■ Dataset content ■

* * * * * * * * *

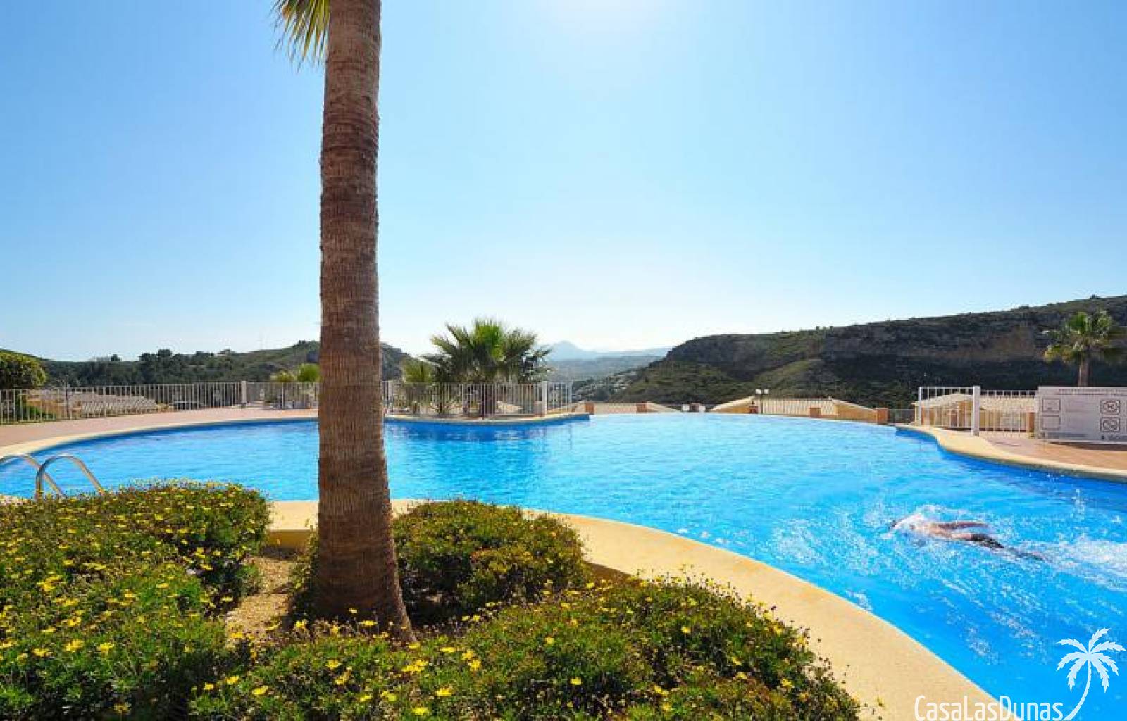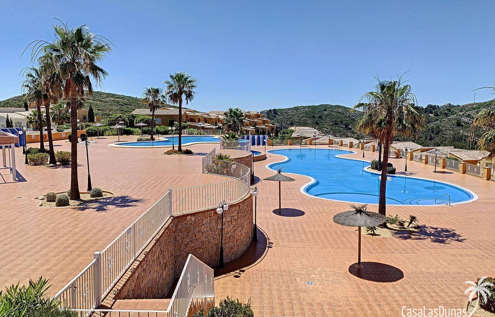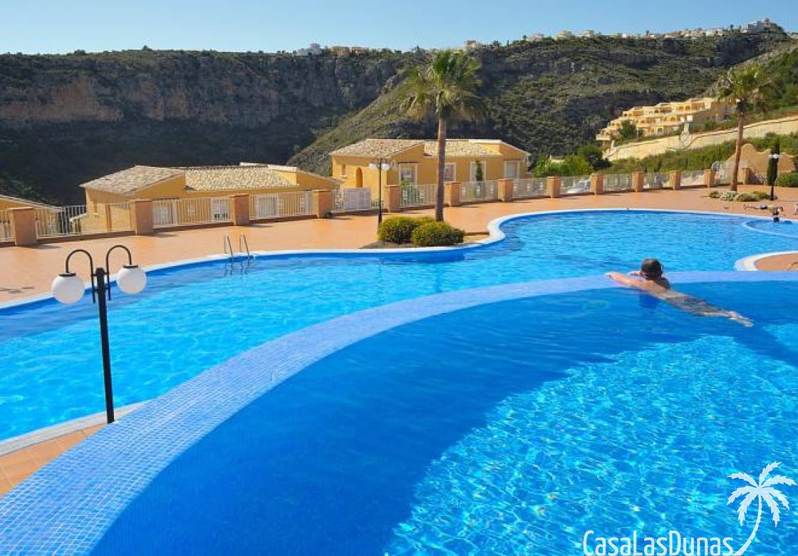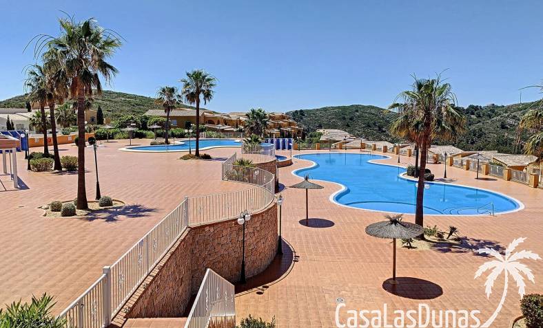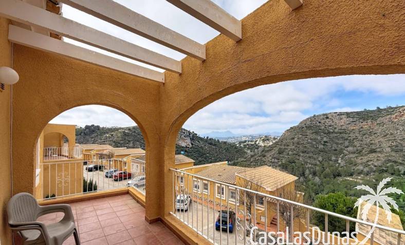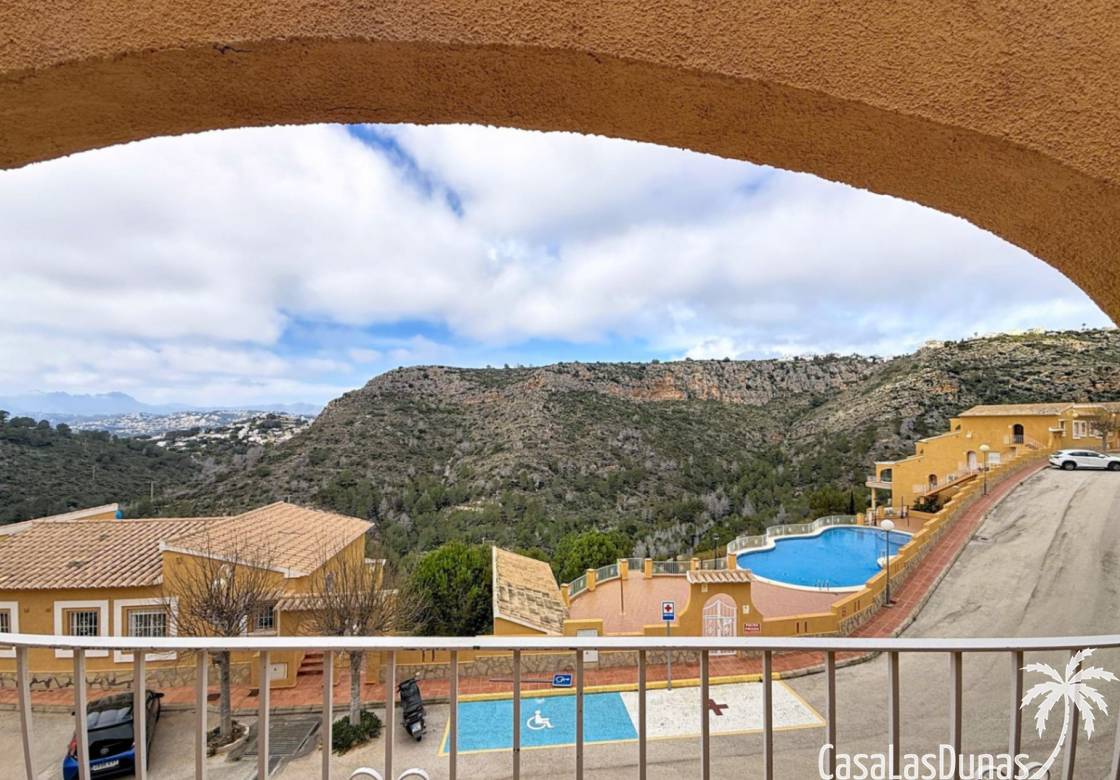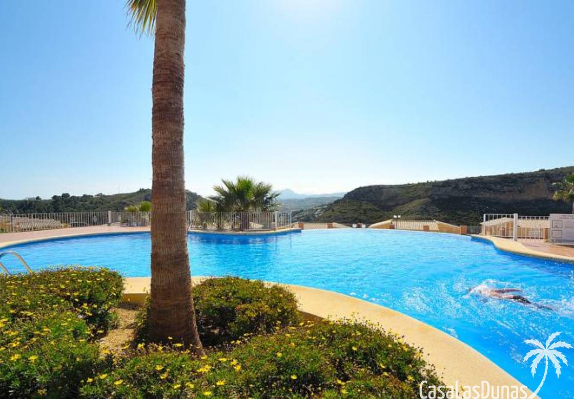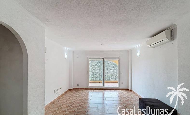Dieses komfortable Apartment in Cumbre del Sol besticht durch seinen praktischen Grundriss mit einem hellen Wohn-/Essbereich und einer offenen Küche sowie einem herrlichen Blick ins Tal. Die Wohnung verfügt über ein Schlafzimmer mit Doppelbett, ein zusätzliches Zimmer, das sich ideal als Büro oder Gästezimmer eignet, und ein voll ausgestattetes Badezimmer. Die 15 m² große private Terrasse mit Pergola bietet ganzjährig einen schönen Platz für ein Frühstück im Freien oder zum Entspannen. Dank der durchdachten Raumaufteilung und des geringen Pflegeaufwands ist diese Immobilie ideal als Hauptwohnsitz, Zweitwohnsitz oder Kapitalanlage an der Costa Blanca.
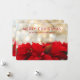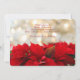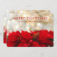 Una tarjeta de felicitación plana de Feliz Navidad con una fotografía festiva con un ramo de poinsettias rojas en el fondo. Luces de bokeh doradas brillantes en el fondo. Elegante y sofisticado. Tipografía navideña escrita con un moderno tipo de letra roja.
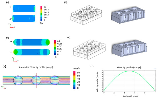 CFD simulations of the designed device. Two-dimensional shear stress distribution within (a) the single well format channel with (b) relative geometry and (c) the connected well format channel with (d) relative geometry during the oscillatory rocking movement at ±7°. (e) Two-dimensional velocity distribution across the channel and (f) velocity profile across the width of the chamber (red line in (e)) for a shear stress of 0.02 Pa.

* * * * * * * * *

■ Problem requirements ■
Skip all pictures. Then give again, exactly, each line from the line holding "Una tarjeta de" through the last line of the listing above, both ends included.

■ Output for this task ■
 Una tarjeta de felicitación plana de Feliz Navidad con una fotografía festiva con un ramo de poinsettias rojas en el fondo. Luces de bokeh doradas brillantes en el fondo. Elegante y sofisticado. Tipografía navideña escrita con un moderno tipo de letra roja.
 CFD simulations of the designed device. Two-dimensional shear stress distribution within (a) the single well format channel with (b) relative geometry and (c) the connected well format channel with (d) relative geometry during the oscillatory rocking movement at ±7°. (e) Two-dimensional velocity distribution across the channel and (f) velocity profile across the width of the chamber (red line in (e)) for a shear stress of 0.02 Pa.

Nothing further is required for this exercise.